*Exercise*.
Without the images, write out the whole listing exactly.

*Dataset extract*.
[Start of section]

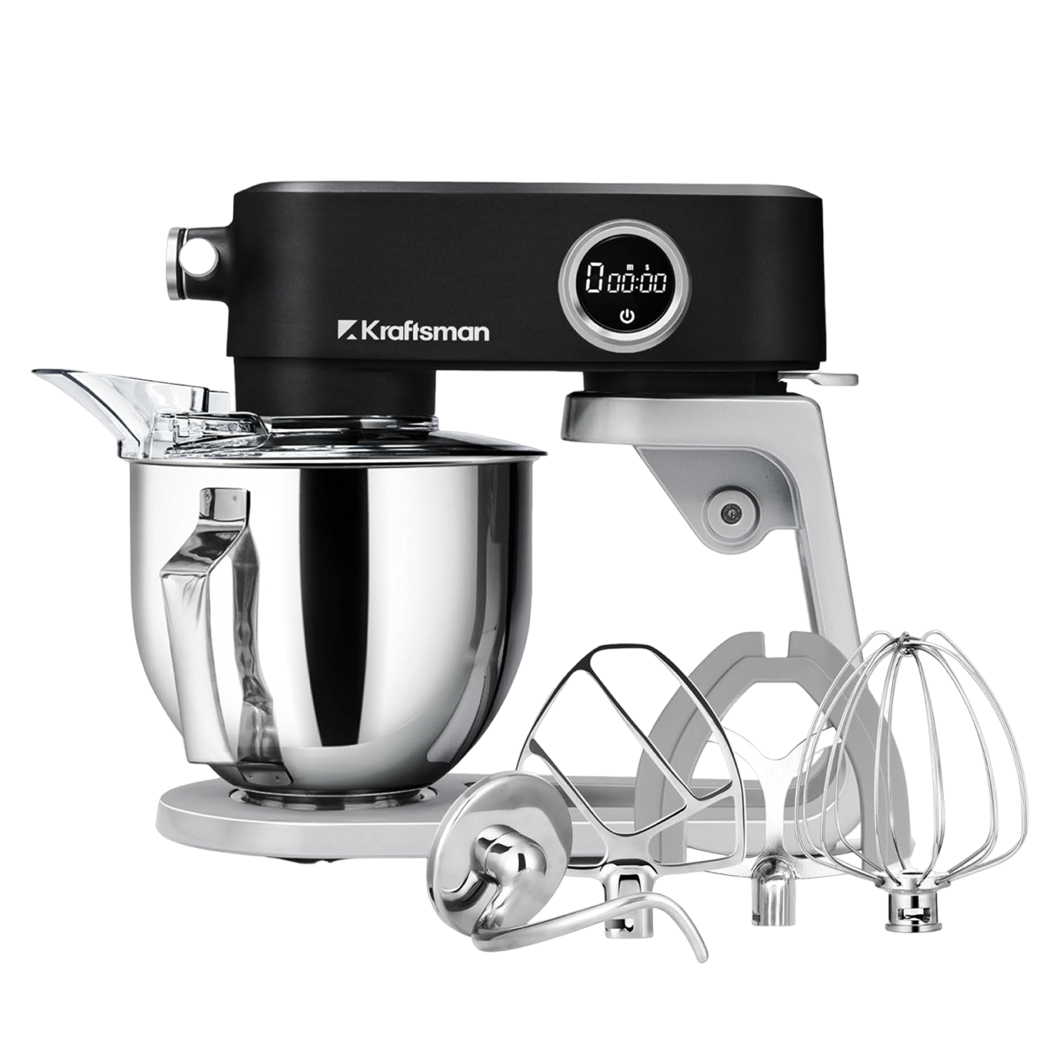 Comes with an outstanding stainless steel dough hook, flat beater, and wire whisk—all dishwasher-safe. The rubber-edged beater delivers a complete, even mix every time.
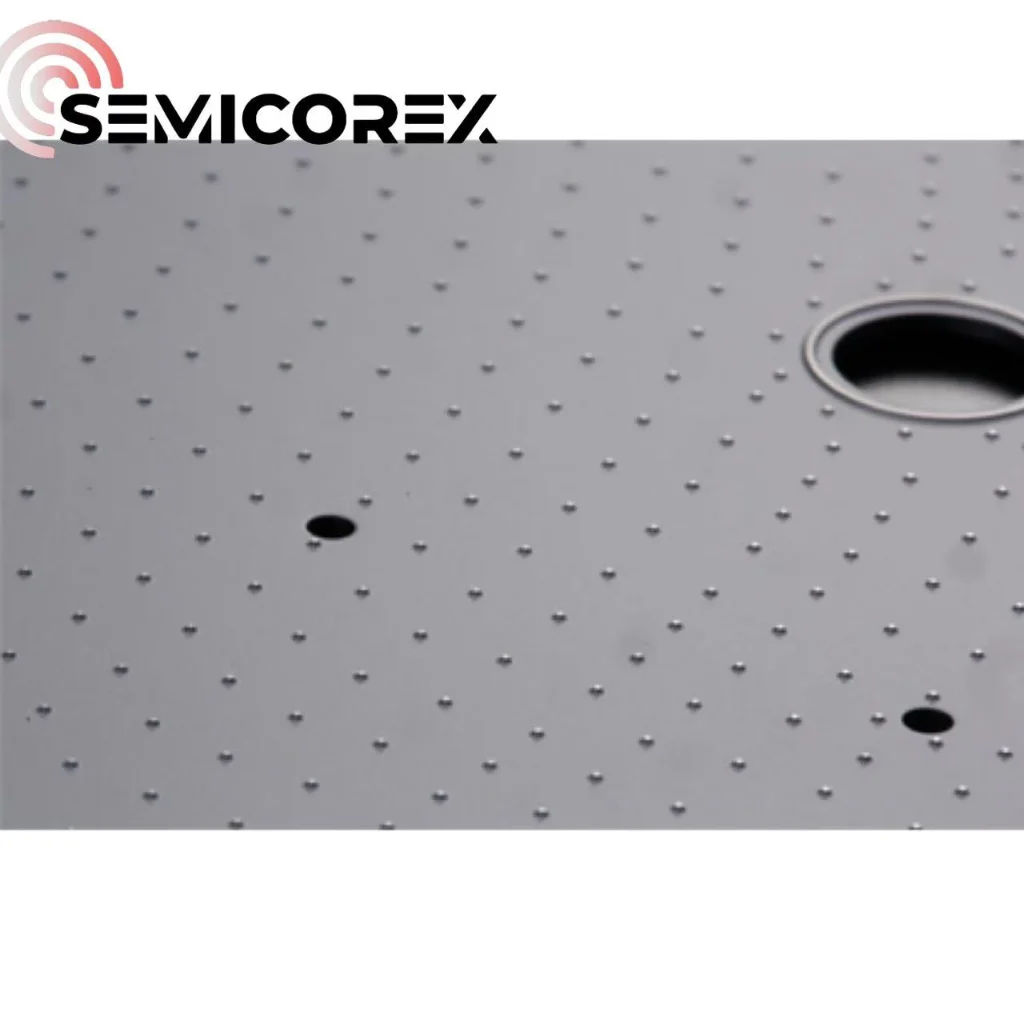 Semicorex-en azalerasilizio karburoapin chucks mikra tamainako kolpe ugariz osatuta dago. Kontaktu-eremua minimizatzen da oblearen atzealdearekin kontaktua kolpeetan bakarrik gertatzen delako, eta horrek eraginkortasunez saihesten ditu obleen marradurak, partikulen kutsadura eta markak.
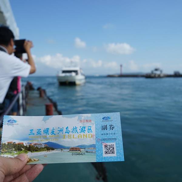 因为我们没有租车,为了交通方便,我们报了蜈支洲岛当地一日游,包含酒店到蜈支洲码头的往返接送服务和景区门票。早上八点多大巴就到酒店门口来接我们了,从酒店到蜈支洲岛大巴开了大概1个半小时,是我们在三亚的这几天中行程最远的一次。景区门票是实名制取票的,所以小伙伴一定要带好个人有效身份证哦。在此不得不吐槽一下蜈支洲岛的票务管理,仅仅排队取票就花了我们1个多小时,而且现在还还是淡季,真不敢想象旺季要排多久。从蜈支洲岛码头乘坐气垫船上岛是进岛的唯一途径。蜈支洲岛的游客非常多,旺季排队至少要一两个小时,建议大家尽量早一点到这里。蜈支洲岛的游船每天早上8:00开船,下午16:00最后一班船上岛,下午17:30当天最后一班船离岛,但每天最后一班上岛、离岛的时间也并非一成不变,而是会根据当天的天气情况而调整的。坐船全程大约15-20分钟。晕船的小伙伴要做好心理准备,其实稍稍坚持一下就到目的地了。奇怪的是大莹这次居然一点没晕船,真不敢相信这是当年那个在邮轮上晕的七荤八素的家伙,反而这次我却晕的不要不要的。

[End of section]

*Solution to this problem*.
 Comes with an outstanding stainless steel dough hook, flat beater, and wire whisk—all dishwasher-safe. The rubber-edged beater delivers a complete, even mix every time.
 Semicorex-en azalerasilizio karburoapin chucks mikra tamainako kolpe ugariz osatuta dago. Kontaktu-eremua minimizatzen da oblearen atzealdearekin kontaktua kolpeetan bakarrik gertatzen delako, eta horrek eraginkortasunez saihesten ditu obleen marradurak, partikulen kutsadura eta markak.
 因为我们没有租车,为了交通方便,我们报了蜈支洲岛当地一日游,包含酒店到蜈支洲码头的往返接送服务和景区门票。早上八点多大巴就到酒店门口来接我们了,从酒店到蜈支洲岛大巴开了大概1个半小时,是我们在三亚的这几天中行程最远的一次。景区门票是实名制取票的,所以小伙伴一定要带好个人有效身份证哦。在此不得不吐槽一下蜈支洲岛的票务管理,仅仅排队取票就花了我们1个多小时,而且现在还还是淡季,真不敢想象旺季要排多久。从蜈支洲岛码头乘坐气垫船上岛是进岛的唯一途径。蜈支洲岛的游客非常多,旺季排队至少要一两个小时,建议大家尽量早一点到这里。蜈支洲岛的游船每天早上8:00开船,下午16:00最后一班船上岛,下午17:30当天最后一班船离岛,但每天最后一班上岛、离岛的时间也并非一成不变,而是会根据当天的天气情况而调整的。坐船全程大约15-20分钟。晕船的小伙伴要做好心理准备,其实稍稍坚持一下就到目的地了。奇怪的是大莹这次居然一点没晕船,真不敢相信这是当年那个在邮轮上晕的七荤八素的家伙,反而这次我却晕的不要不要的。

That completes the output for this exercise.